I'm trying to analyze goal-scoring networks in hockey. I have data for the player who scored the goal and the player who assisted on that goal. My issue is that some goals do not have an assist, so I'm not sure what I should do in those situations.
So, an example for my data looks like this:
scorer <- c("Lidstrom", "Yzerman", "Fedorov", "Yzerman", "Shanahan")
assister <- c("", "Lidstrom", "Yzerman", "Shanahan", "Lidstrom")
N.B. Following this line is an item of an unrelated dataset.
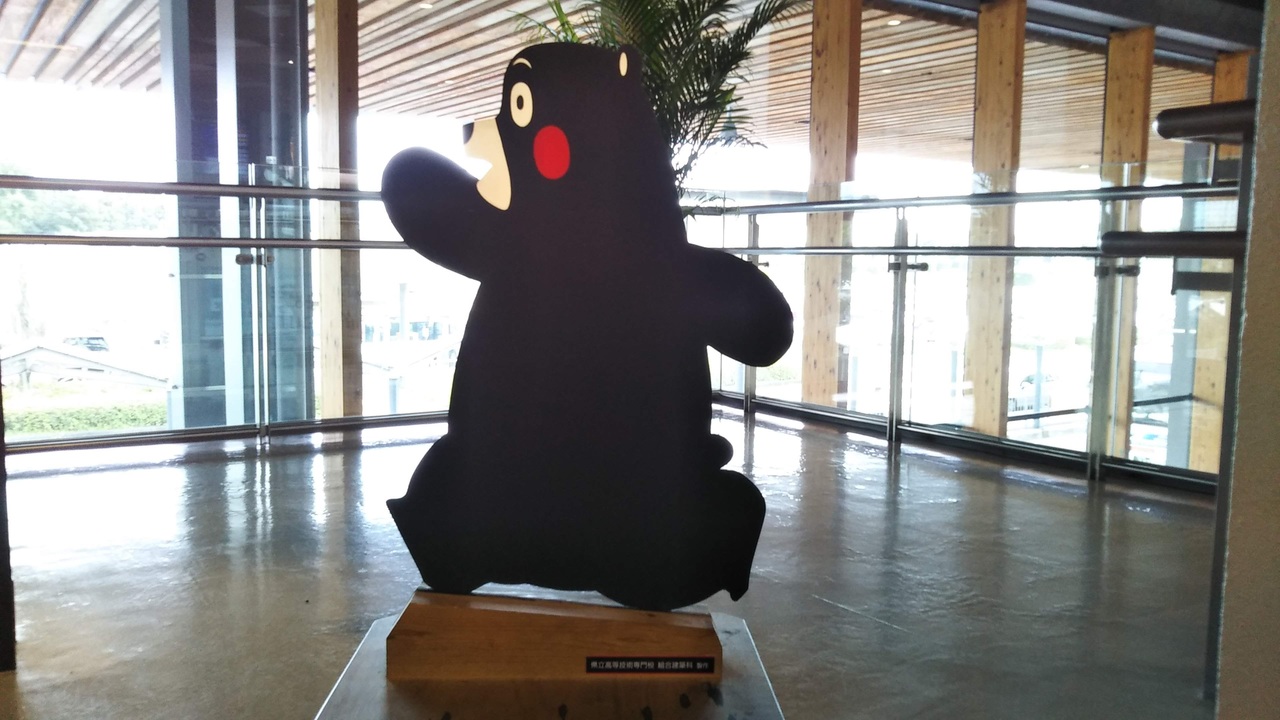 熊本空港にはくまモンがたくさんいます。わたしがいちばん気になるくまモンは、2階のトイレ前にいるくまモンです。くまモンが慌てて走っています。場所が場所だけに、くまモン間に合うかと心配になります。

mydata <- data.frame(scorer, assister)
And the output is:
scorer assister
1 Lidstrom
2 Yzerman Lidstrom
3 Fedorov Yzerman
4 Yzerman Shanahan
5 Shanahan Lidstrom
When I'm dealing with unassisted goals, does it make sense to act as if the assist goes to the scorer?
EX:
scorer assister
1 Lidstrom Lidstrom
2 Yzerman Lidstrom
3 Fedorov Yzerman
4 Yzerman Shanahan
5 Shanahan Lidstrom
Or does it make sense to create a new name "unassisted" for unassisted goals?
EX:
scorer assister
1 Lidstrom UNASSISTED
2 Yzerman Lidstrom
3 Fedorov Yzerman
4 Yzerman Shanahan
5 Shanahan Lidstrom
Here's the rest of my code for the PageRank, assuming that something is filled in for the blank assister space:
library(igraph)
library(dplyr)
my_network <- mydata %>%
as.matrix() %>%
graph.edgelist(directed = TRUE)
page_rank(my_network, directed = TRUE)$vector
I can't just remove goals that are unassisted, so I'm trying to come up with some solution that doesn't defy any major graph theory principles (of which I'm not knowledgeable). Any ideas?